The shaded region represents the result of the operation.
Examples
Union of sets using Venn diagram:
If A = {2, 5, 7} and B = {1, 2, 5, 8}. Find A U B using Venn diagram.
Solution:
According to the given question we know, A = {2, 5, 7} and B = {1, 2, 5, 8}
Now let’s draw the Venn diagram to find A union B.
Therefore, from the Venn diagram we get A U B = {1, 2, 5, 7, 8}
From the adjoining figure find A union B.
Solution:
According to the adjoining figure we get;
Set A = {0, 1, 3, 5, 8}
Set B = {2, 5, 8, 9}
Therefore, A union B is the set of elements which in set A or in set B or in both.
Thus, A U B = {0, 1, 2, 3, 5, 8, 9}
Intersection of sets using Venn diagram:
If A = {1, 2, 3, 4, 5} and B = {1, 3, 9, 12}. Find A ∩ B using Venn diagram.
Solution:
According to the given question we know, A = {1, 2, 3, 4, 5} and B = {1, 3, 9, 12}
Now let’s draw the Venn diagram to find A intersection B.
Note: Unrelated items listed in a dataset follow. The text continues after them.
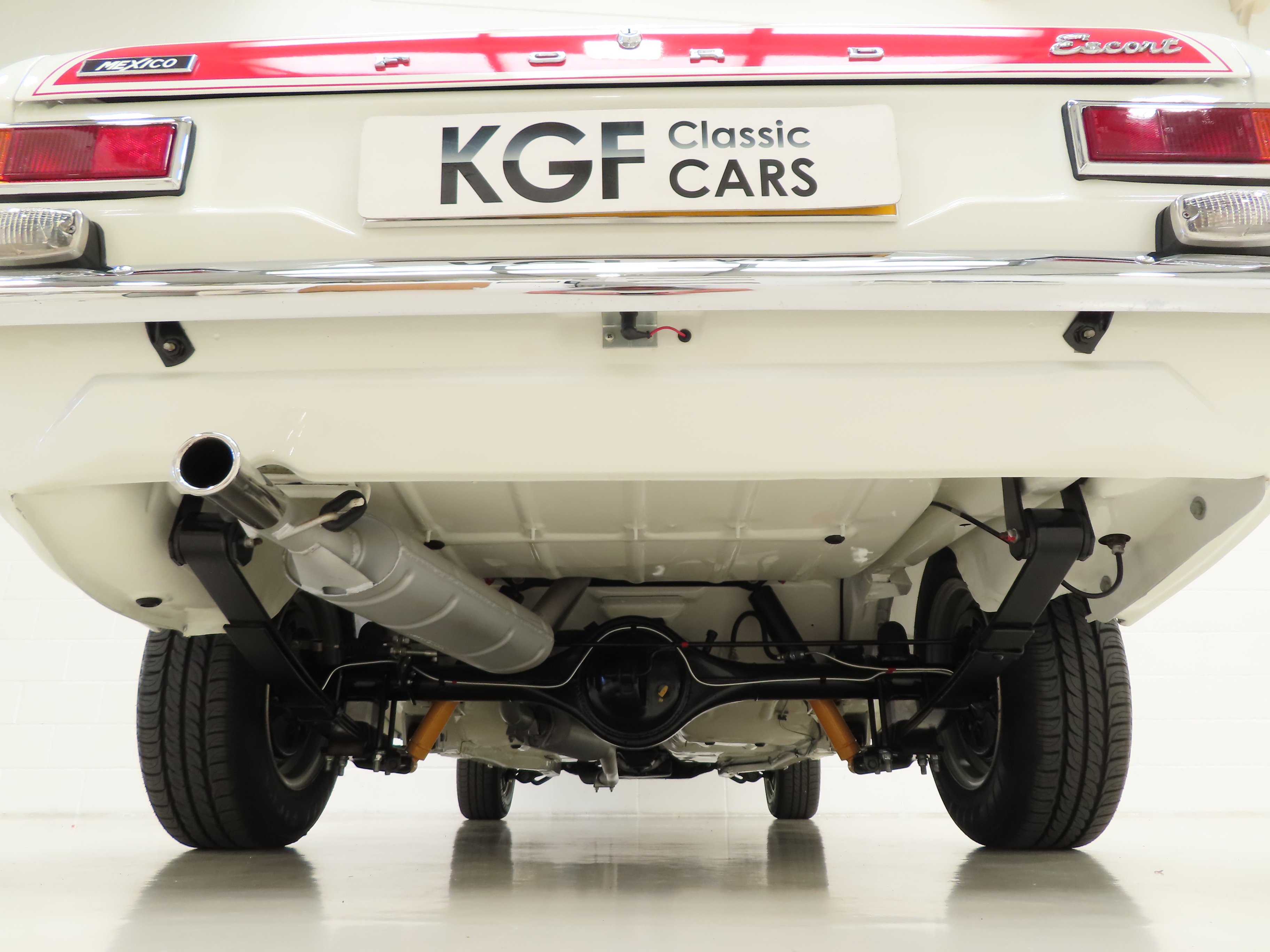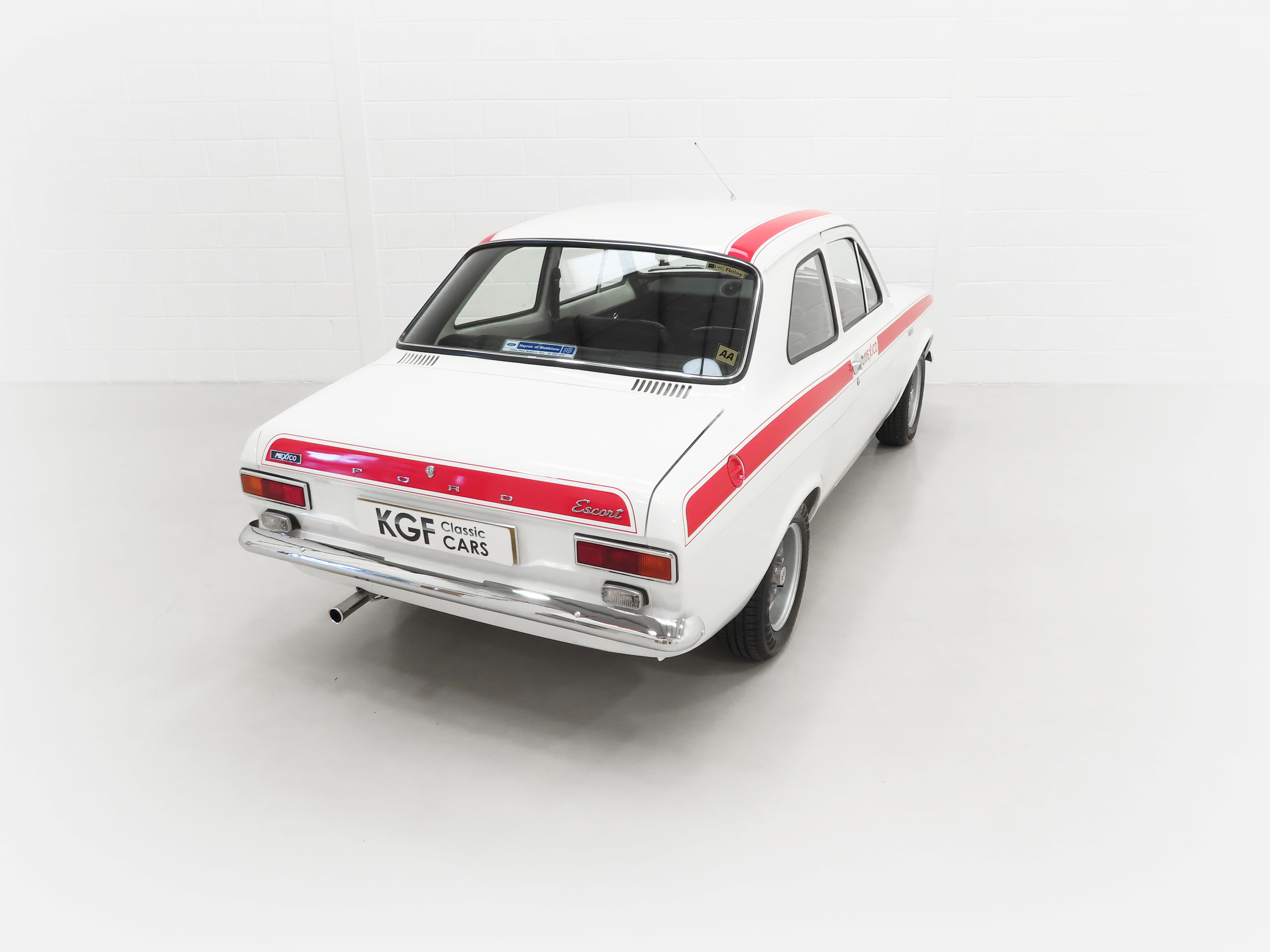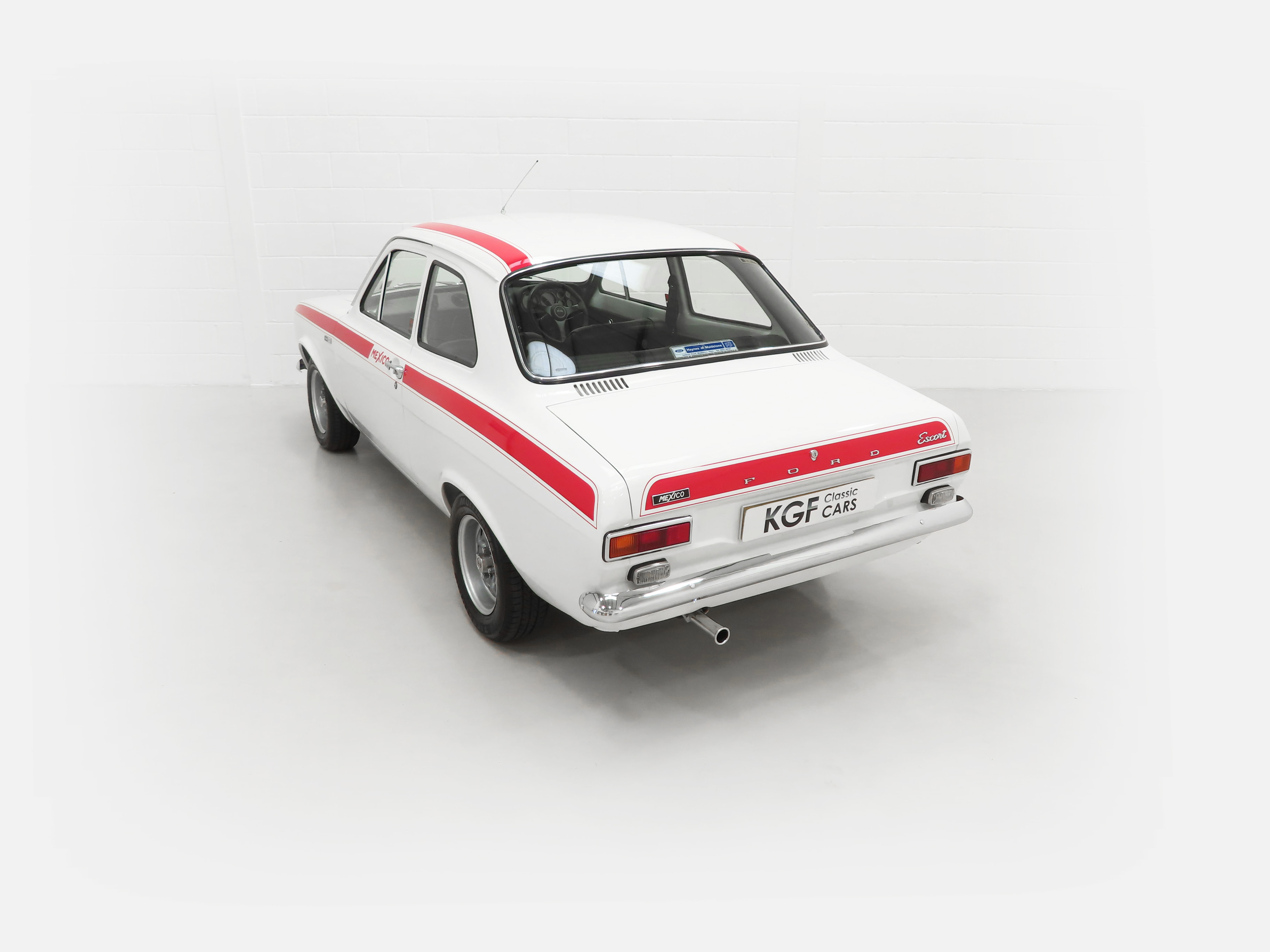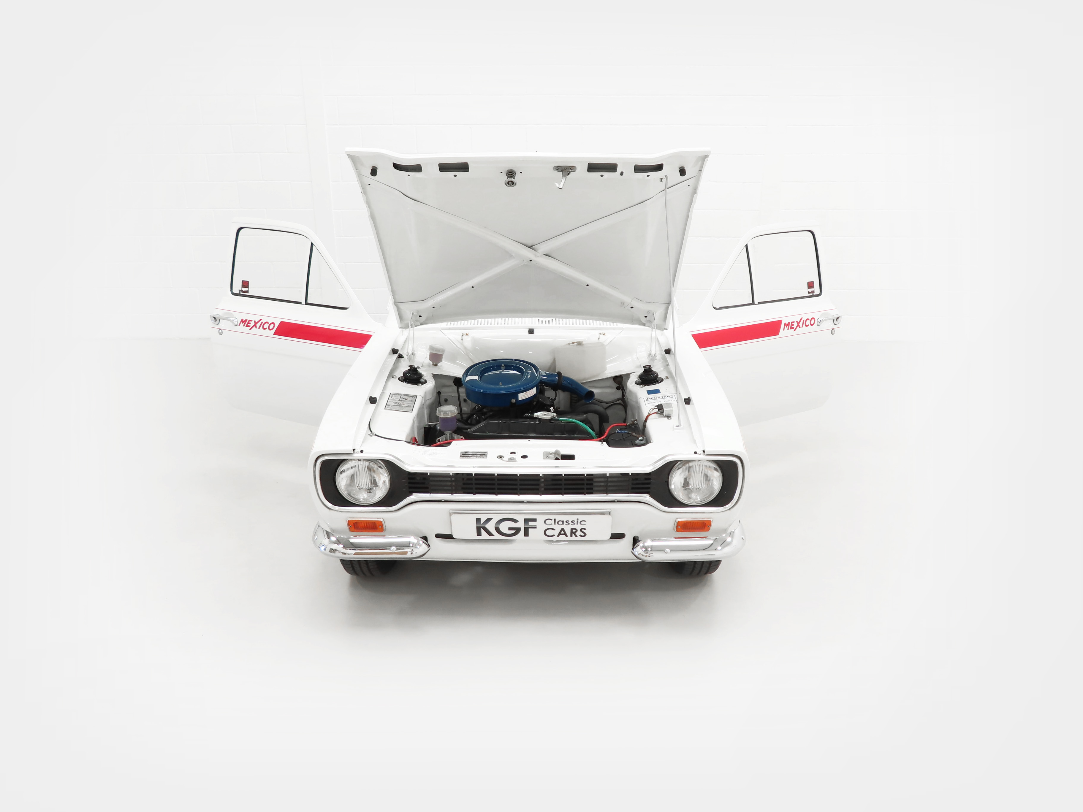 Finished in brilliant Diamond White, (Code B), this genuine Mexico is stunning with the Red Mexico decals so desired by Ford enthusiasts worldwide. Panel gaps are perfectly straight and detailing extending to the underside will please both owners and onlookers. Vital components such as the eight bolts in the boot floor and strengthened AVO workmanship are laid bare for all to see with no excess applied underseal. For those enjoying the show circuit, the immaculate underside is finished in body colour and looks amazing. The chrome, glass, and badges are in immaculate order with the glass still being Ford Triplex items and number plate etched. The original Ford front windscreen has a few minor marks but much preferred over an aftermarket replacement. Front headlights on the correct Cibie items and all lens units are factory fitted FoMoCo. This really is a Rallye Sport winner!
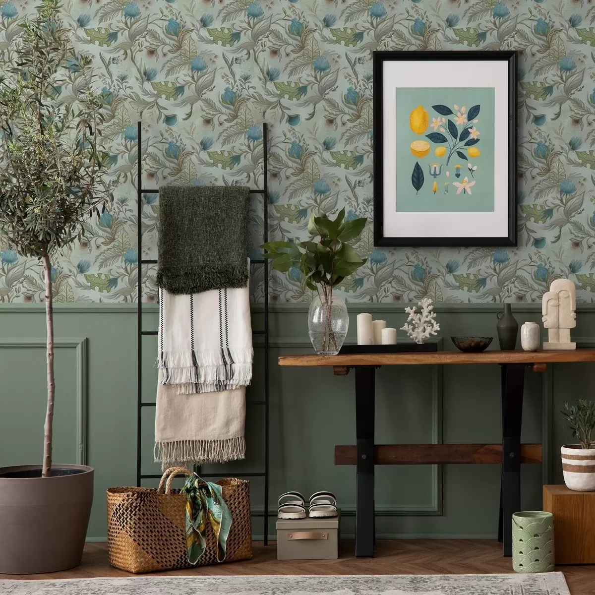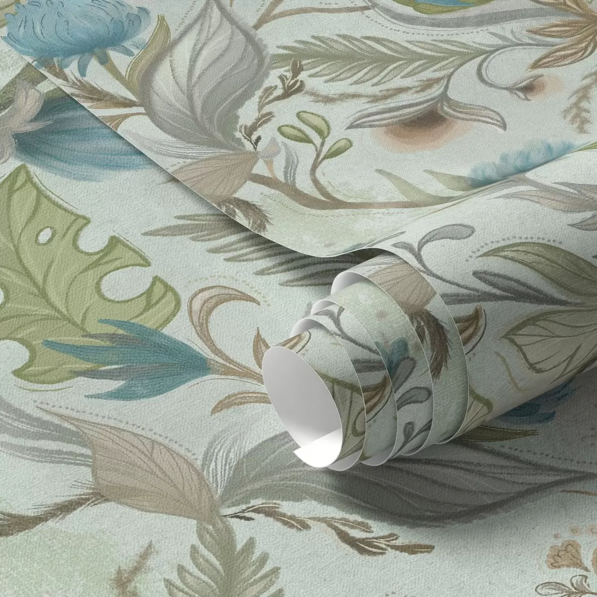 Papel pintado Flores azules y vegetación sobre un suave fondo menta. Nr. a00930v1
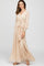 Details A chiffon maxi dress featuring metallic yarn, a wrap front v-neckline, long sleeves with a three gold button closure a self tie sash, and double lined at the bust and skirt. Content + Care
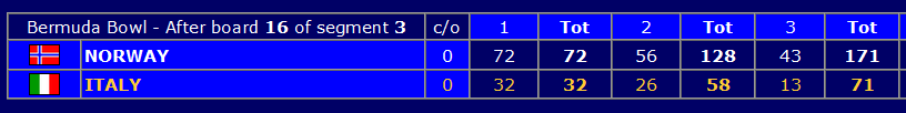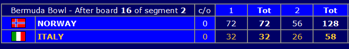 Halvveis i kvartfinalen leder Norge med hele 100 IMP på Italia i åpen klasse etter å ha vunnet de tre settene i dag med henholdsvis 40, 30 og 30 IMP! Mye skal gå galt om de nå ikke går videre til semifinale (bank i bordet). Men det er fortsatt 48 spill igjen, og det er viktig å være fokusert selv om man leder mye.
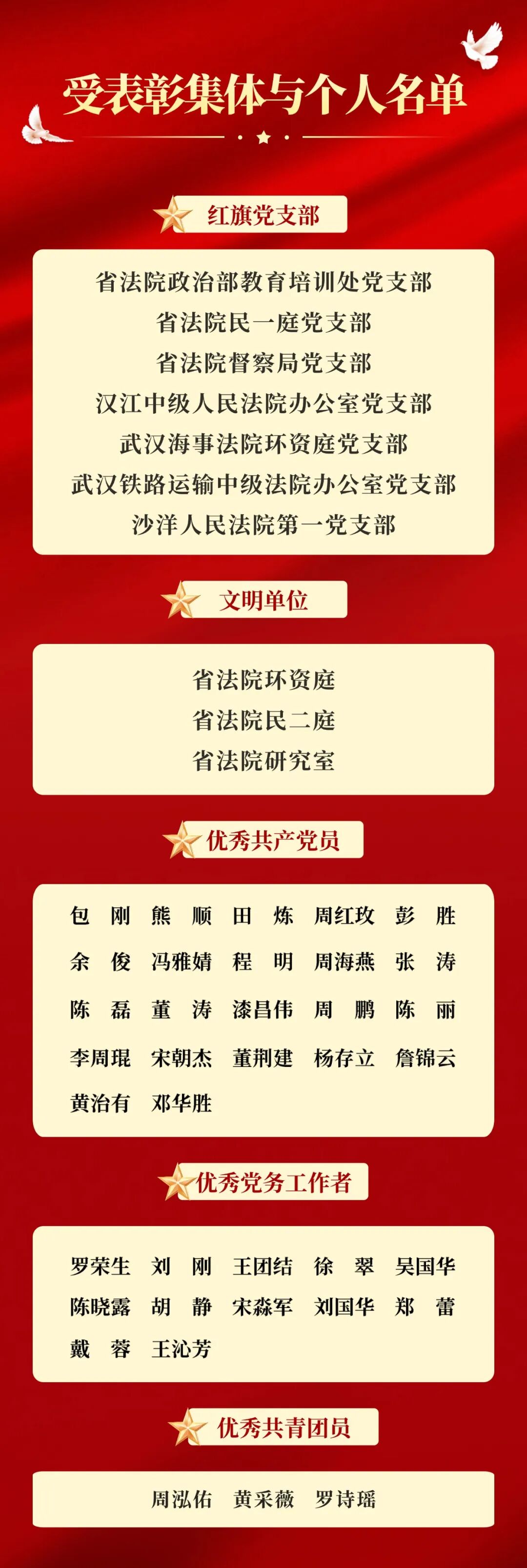 6月27日,省法院召开庆祝中国共产党建党103周年暨“七一”表彰大会。会议表彰了2023年度“红旗党支部”“文明单位”“优秀共产党员””优秀党务工作者”和“优秀共青团员”。省法院党组书记、院长游劝荣以及在汉党组班子成员出席会议并颁奖。省法院机关及直属法院全体党支部书记,省法院机关全体党员干部及部分离退休党员等共600余人参会。省法院党组副书记、常务副院长覃文萍主持会议。
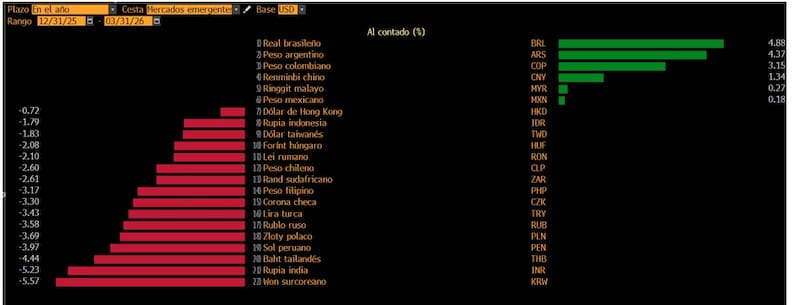 A su vez, el peso colombiano también se fortalece este año, con el tipo de cambio cayendo 3,1%, mientras que el peso mexicano se aprecia 0,2% este 2026.
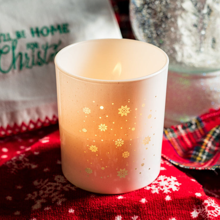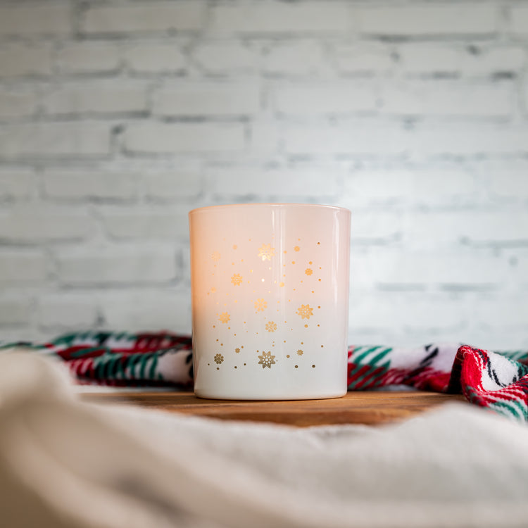 Cette petite merveille est pot à bougie blanc brillant de 30 cl avec d'élégants flocons de neige gravés, il vous fera voyager à coup sûr. Il est comme une boule de neige qui tourbillonne dans la pièce !
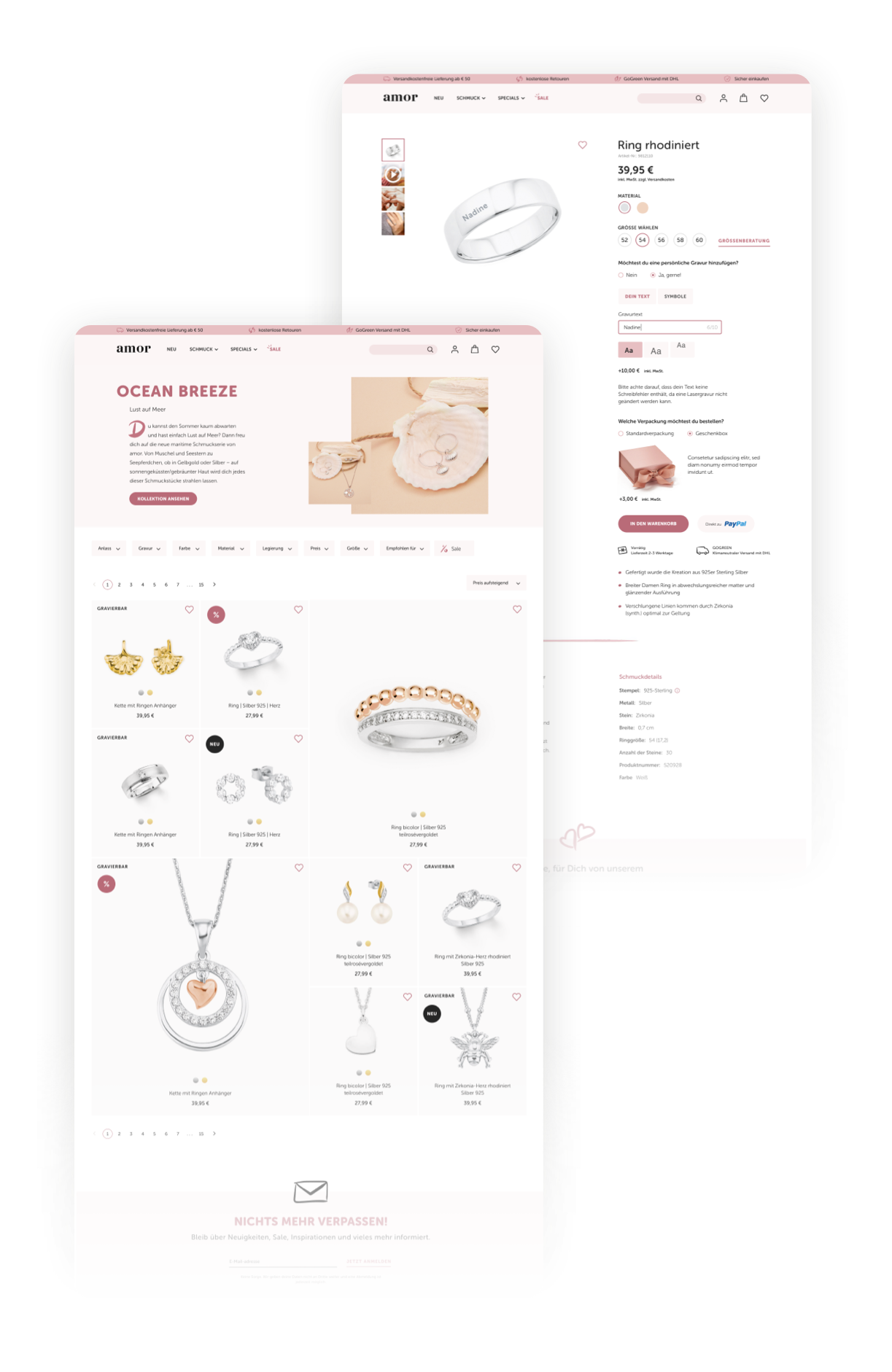 Kategorieseiten und eindeutig gestaltete Filterfunktionen erleichtern es den Besuchern, aus der breit gefächerten Auswahl punktgenau und in Sekundenschnelle die Lieblingsschmuckstücke zu finden und nach Interesse zu clustern. Ergänzende Social-Media-Module tragen die Botschaft der Marke AMOR weiter über die Webseite hinaus in die digitale Erlebniswelt.

Therefore, from the Venn diagram we get A ∩ B = {1, 3}
From the adjoining figure find A intersection B.
Solution:
According to the adjoining figure we get;
Set A = {m, p, q, r, s, t, u, v}
Set B = {m, n, o, p, q, i, j, k, g}
Therefore, A intersection B is the set of elements which belong to both set A and set B.
Thus, A ∩ B = {p, q, m}
Difference of sets using Venn diagram:
If A = {2, 3, 4, 5, 6, 7} and B = {3, 5, 7, 9, 11, 13}, then find (i) A – B and (ii) B – A.
Solution:
According to the given statement; A = {2, 3, 4, 5, 6, 7} and B = {3, 5, 7, 9, 11, 13}
(i) A – B
= {2, 4, 6}
(ii) B – A
= {9, 11, 13}
Given three sets A, B and C such that: A = {x : x is a natural number between 10 and 16}, B = {set of even numbers between 8 and 20} and
C = {7, 9, 11, 14, 18, 20}. Find the difference of sets using Venn diagram:
(i) A – B
(ii) B – C
(iii) C – A
(iv) B – A
Solution:
According to the given statement
A = {11, 12, 13, 14, 15}
B = {10, 12, 14, 16, 18}
C = {7, 9, 11, 14, 18, 20}
(i) A – B
= {Those elements of set A which are not in set B}
= {11, 13, 15}
(ii) B – C
= {Those elements of set B which are not in set C}
= {10, 12, 16}
(iii) C – A
= {Those elements of set C which are not in set A}
= {7, 9, 18, 20}
(iv) B – A
= {Those elements of set B which are not in set A}
= {10, 16, 18}